**WHAT THE EXERCISE ASKS:**
Transcribe each entry exactly, without pictures.

**RECORD EXCERPTS:**

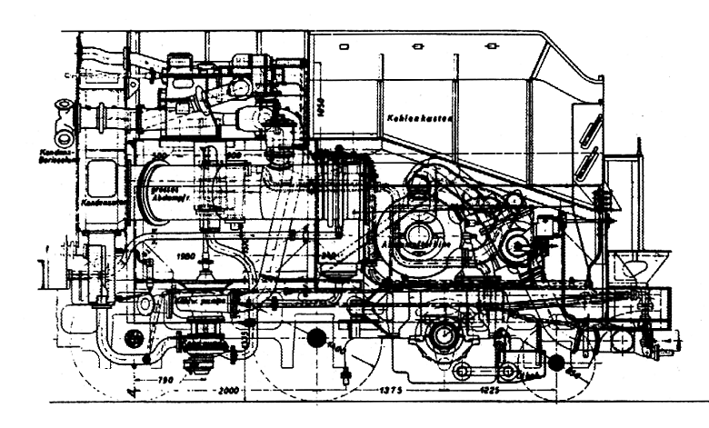 Most of the innovation was in the tender. This was built by Henschel at Kassel in 1927. The locomotive was almost standard apart from the addition of fan draught. Tests were run in late 1927, and the results were not encouraging. Again there are reports that excessive power was lost in windage in the reverse turbine; this presumably means that the condenser vacuum was poor. The reverse turbine was therefore removed, as the piston-driven loco was perfectly capable of moving a train in reverse. There also appear to have been problems with excess steam consumption by the auxiliary machinery; presumably this means the various fan drives.
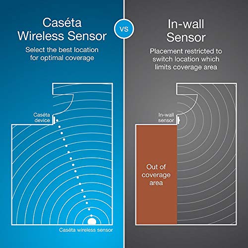 VERSATILE AND POWERFUL: one sensor can turn off any number of Caseta switches, dimmers, fan controls, and Serena smart shades within 60 ft.
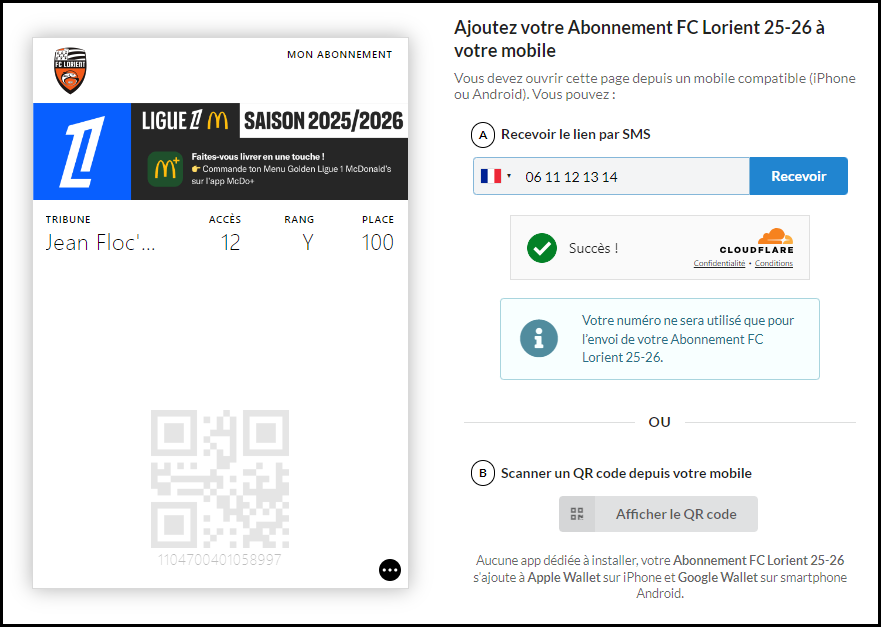 Renseignez votre numéro de téléphone pour recevoir le lien par SMS afin d'ajouter votre e-carte abonné dans le wallet.
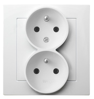 Ospel as GP-2GC/00 Gniazdo podwójne z uziemieniem z funkcją niezamienności faz, kompletne z ramką
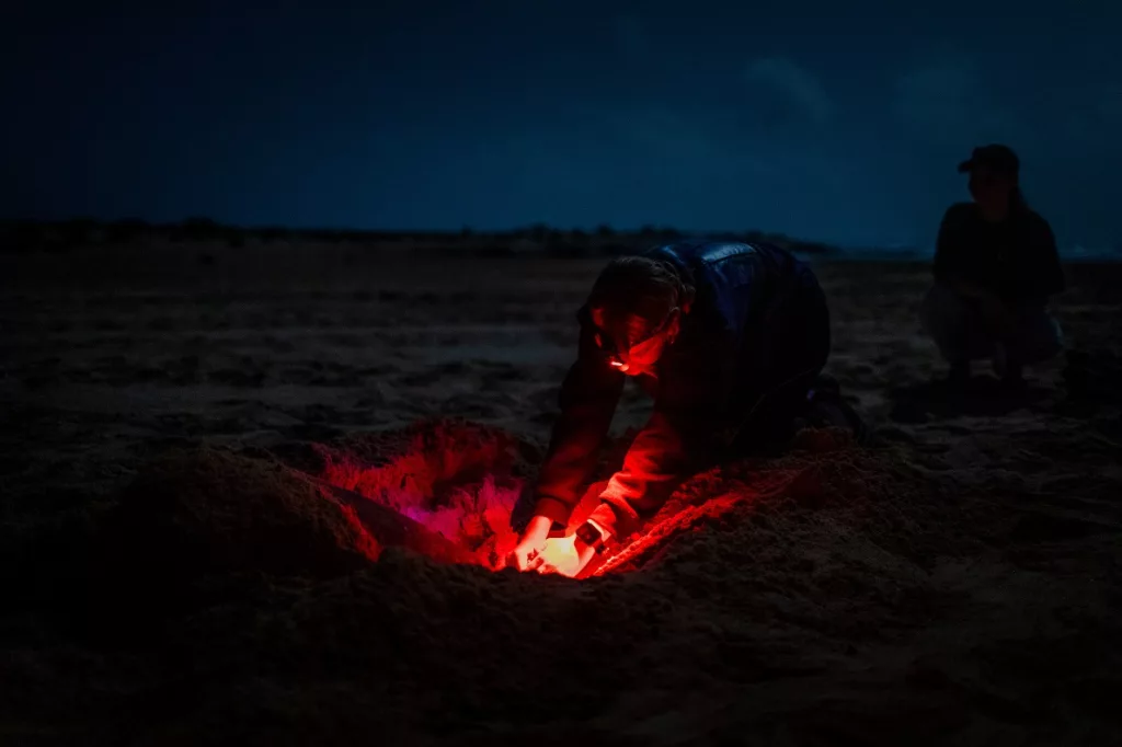 La prima difficoltà per chi veglia sulla costa è individuare le tartarughe nel buio della notte. «Non possiamo usare torce: la luce bianca spaventa le tartarughe, le disorienta e potrebbe farle tornare in mare in cerca di un altro posto più tranquillo», spiega Franziska Haas, biologa tedesca di 22 anni, originaria di Leichlingen. È al suo terzo anno da volontaria a Boa Vista, dove ha mappato centinaia di nidi sulla sabbia bianca di Lacacão, nel sud dell’isola. «Quando ne vediamo una, ci avviciniamo da dietro per non spaventarla, silenziosi come pesci. Anche il minimo rumore o le vibrazioni potrebbe allarmarla. Servendoci di una luce rossa fioca, la illuminiamo solo per un attimo, per capire se stia per deporre le uova o stia ancora scavando», racconta Franziska. Ogni squadra è composta da tre o quattro volontari con una formazione scientifica e almeno un ranger ambientale, professionista introdotto dal governo nel 2008 per coordinare le operazioni di sorveglianza. I ranger sono fondamentali nella salvaguardia delle tartarughe, essendo conoscitori esperti dell’isola e delle sue spiagge.
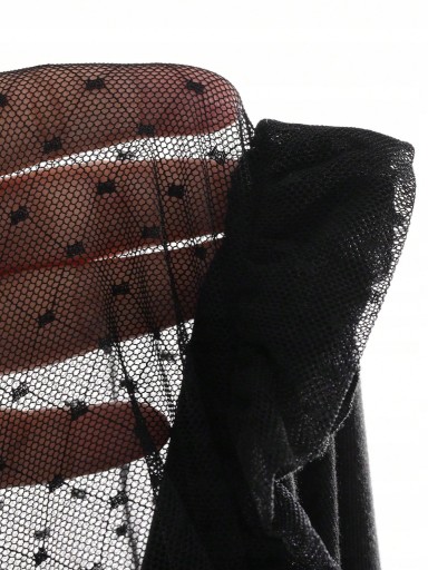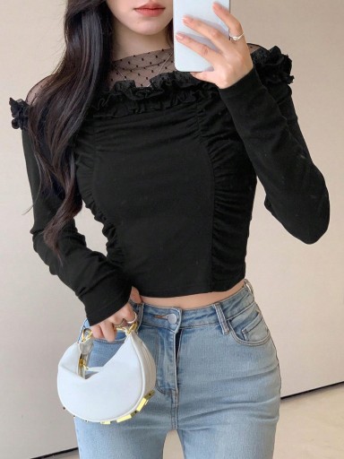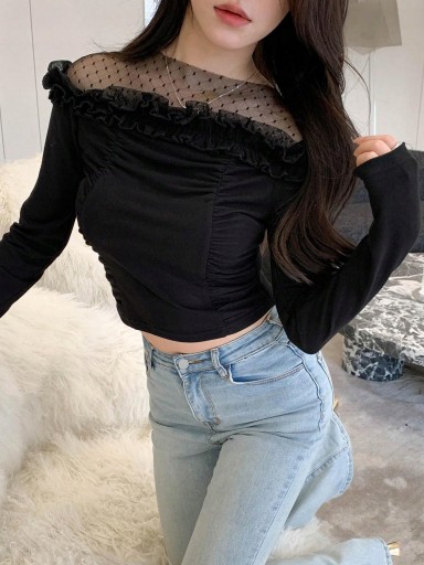 DŁUGI RĘKAW FALBANKI DAZY M CZARNA BLUZKA DOPASOWANA GROSZKI SIATECZKA

**SOLUTION:**
 Most of the innovation was in the tender. This was built by Henschel at Kassel in 1927. The locomotive was almost standard apart from the addition of fan draught. Tests were run in late 1927, and the results were not encouraging. Again there are reports that excessive power was lost in windage in the reverse turbine; this presumably means that the condenser vacuum was poor. The reverse turbine was therefore removed, as the piston-driven loco was perfectly capable of moving a train in reverse. There also appear to have been problems with excess steam consumption by the auxiliary machinery; presumably this means the various fan drives.
 VERSATILE AND POWERFUL: one sensor can turn off any number of Caseta switches, dimmers, fan controls, and Serena smart shades within 60 ft.
 Renseignez votre numéro de téléphone pour recevoir le lien par SMS afin d'ajouter votre e-carte abonné dans le wallet.
 Ospel as GP-2GC/00 Gniazdo podwójne z uziemieniem z funkcją niezamienności faz, kompletne z ramką
 La prima difficoltà per chi veglia sulla costa è individuare le tartarughe nel buio della notte. «Non possiamo usare torce: la luce bianca spaventa le tartarughe, le disorienta e potrebbe farle tornare in mare in cerca di un altro posto più tranquillo», spiega Franziska Haas, biologa tedesca di 22 anni, originaria di Leichlingen. È al suo terzo anno da volontaria a Boa Vista, dove ha mappato centinaia di nidi sulla sabbia bianca di Lacacão, nel sud dell’isola. «Quando ne vediamo una, ci avviciniamo da dietro per non spaventarla, silenziosi come pesci. Anche il minimo rumore o le vibrazioni potrebbe allarmarla. Servendoci di una luce rossa fioca, la illuminiamo solo per un attimo, per capire se stia per deporre le uova o stia ancora scavando», racconta Franziska. Ogni squadra è composta da tre o quattro volontari con una formazione scientifica e almeno un ranger ambientale, professionista introdotto dal governo nel 2008 per coordinare le operazioni di sorveglianza. I ranger sono fondamentali nella salvaguardia delle tartarughe, essendo conoscitori esperti dell’isola e delle sue spiagge.
 DŁUGI RĘKAW FALBANKI DAZY M CZARNA BLUZKA DOPASOWANA GROSZKI SIATECZKA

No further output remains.